**Work instructions:**
The answer must reproduce all of the data below exactly and contain no images.

**Dataset content:**

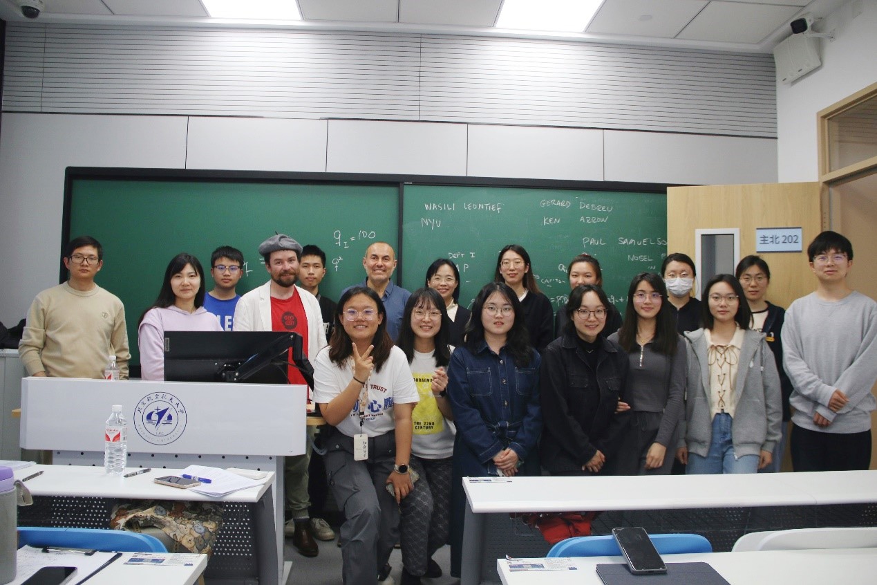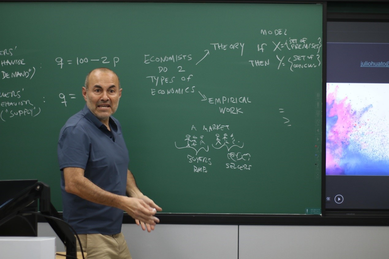 胡里奥·华托教授首先对“现代经济理论”的含义进行界定,指出从19世纪末以来,马克思主义者对现代主流经济学大多是忽视的态度。但马克思主义作为一项不断发展的工作,对待现代经济理论的态度应当是激进的、批判的、辩证的。接着,他以互联网经济为例,介绍了博弈论模型、机制设计理论和拍卖理论,强调了现代经济理论的社会重要性,并介绍了19世纪70年代后马克思主义者对边际主义者的批判。其后,教授还讲授了瓦尔拉斯(Leon Walras)的一般均衡理论、阿罗(Kenneth Arrow)和德布鲁(Gerard Debreu)关于一般均衡存在性的数学证明和马克思《资本论》中的两大部类再生产理论,再次强调马克思主义者应当批判性吸收主流经济学中的有用内容和合理因素,并拒绝其中资产阶级意识形态的糟粕。马克思主义者的任务不仅是超越资本主义,还要建设更高级的社会形式——社会主义。报告主体内容结束后,胡里奥·华托教授还对现场同学们提出的问题进行详细解答。
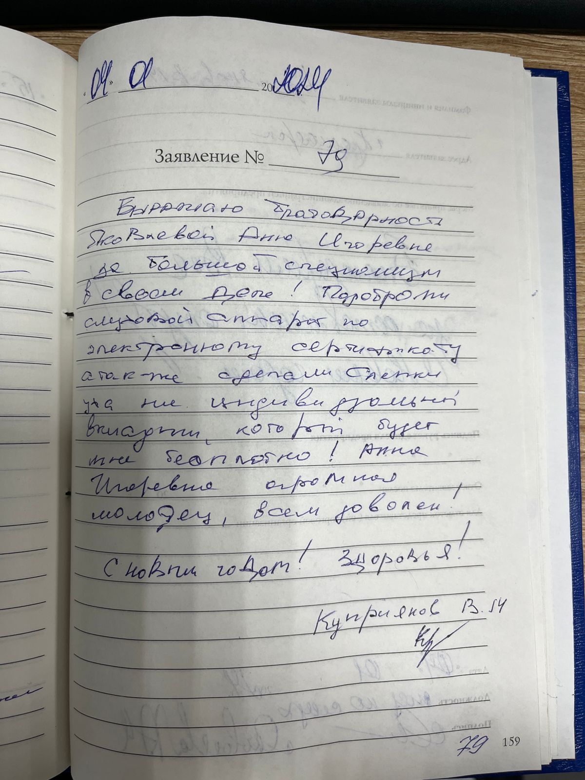Выражаю благодарность Яковлевой Анне Игоревне за большой специализм в своем деле! Подобрали слуховой аппарат по электронному сертификату а так-же сделали слепки уха на индивидуальный вкладыш, который будет мне бесплатно! анна Игоревна огромная молодец, всем доволен! С новым годом! Здоровья! Куприянов В М
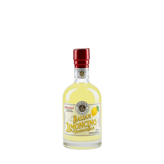 Balsamico-Dressing aus weißem, gekochtem Traubenmost und Weinessig, aromatisiert mit Zitronenschalen und Limoncino. Mit seiner sattgelben Farbe und dem intensiven Nachgeschmack nach Zitronen kann dieser Limoncino-Essig mit subtiler Säure von 4 % für Mixgetränke und besondere Cocktails als auch zum Verfeinern verschiedener Gerichte eingesetzt werden - besonders zu Fisch wie einem Lachs-Carpaccio besonders gut.
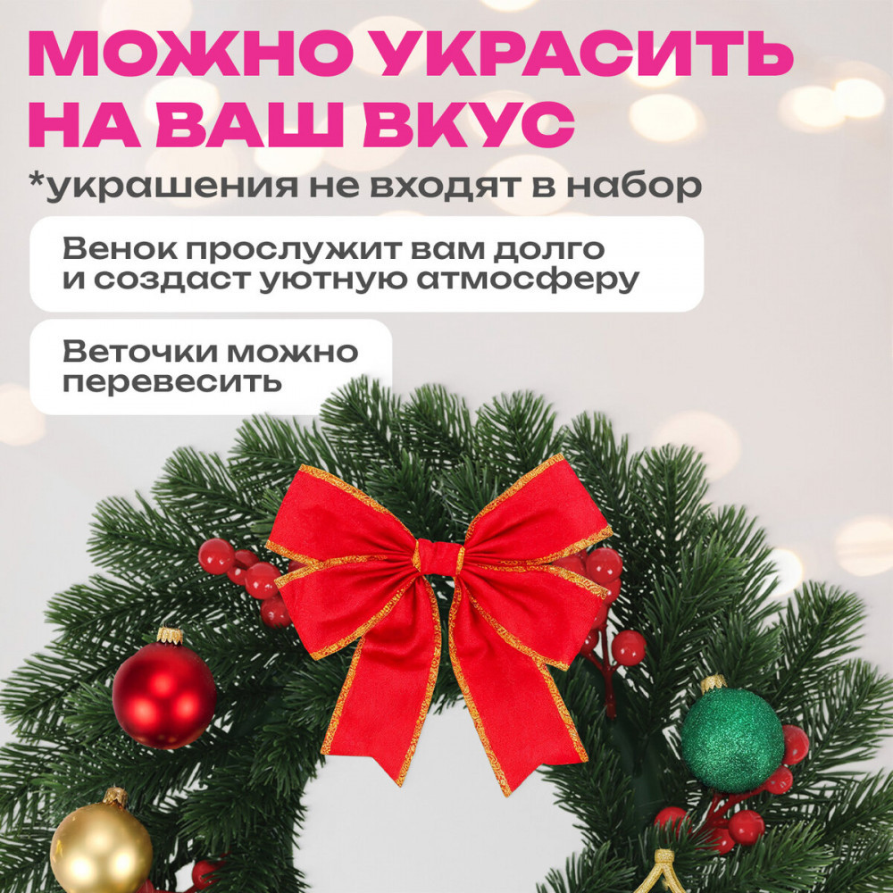 Венок новогодний станет прекрасным украшением для дома или офиса. Венок преобразит пространство и подарит ощущение праздника. Венок новогодний, диаметром 42 см представляет собой конструкцию из пластикового каркаса и закрепленных к нему ветвей.

**Written answer:**
 胡里奥·华托教授首先对“现代经济理论”的含义进行界定,指出从19世纪末以来,马克思主义者对现代主流经济学大多是忽视的态度。但马克思主义作为一项不断发展的工作,对待现代经济理论的态度应当是激进的、批判的、辩证的。接着,他以互联网经济为例,介绍了博弈论模型、机制设计理论和拍卖理论,强调了现代经济理论的社会重要性,并介绍了19世纪70年代后马克思主义者对边际主义者的批判。其后,教授还讲授了瓦尔拉斯(Leon Walras)的一般均衡理论、阿罗(Kenneth Arrow)和德布鲁(Gerard Debreu)关于一般均衡存在性的数学证明和马克思《资本论》中的两大部类再生产理论,再次强调马克思主义者应当批判性吸收主流经济学中的有用内容和合理因素,并拒绝其中资产阶级意识形态的糟粕。马克思主义者的任务不仅是超越资本主义,还要建设更高级的社会形式——社会主义。报告主体内容结束后,胡里奥·华托教授还对现场同学们提出的问题进行详细解答。
Выражаю благодарность Яковлевой Анне Игоревне за большой специализм в своем деле! Подобрали слуховой аппарат по электронному сертификату а так-же сделали слепки уха на индивидуальный вкладыш, который будет мне бесплатно! анна Игоревна огромная молодец, всем доволен! С новым годом! Здоровья! Куприянов В М
 Balsamico-Dressing aus weißem, gekochtem Traubenmost und Weinessig, aromatisiert mit Zitronenschalen und Limoncino. Mit seiner sattgelben Farbe und dem intensiven Nachgeschmack nach Zitronen kann dieser Limoncino-Essig mit subtiler Säure von 4 % für Mixgetränke und besondere Cocktails als auch zum Verfeinern verschiedener Gerichte eingesetzt werden - besonders zu Fisch wie einem Lachs-Carpaccio besonders gut.
 Венок новогодний станет прекрасным украшением для дома или офиса. Венок преобразит пространство и подарит ощущение праздника. Венок новогодний, диаметром 42 см представляет собой конструкцию из пластикового каркаса и закрепленных к нему ветвей.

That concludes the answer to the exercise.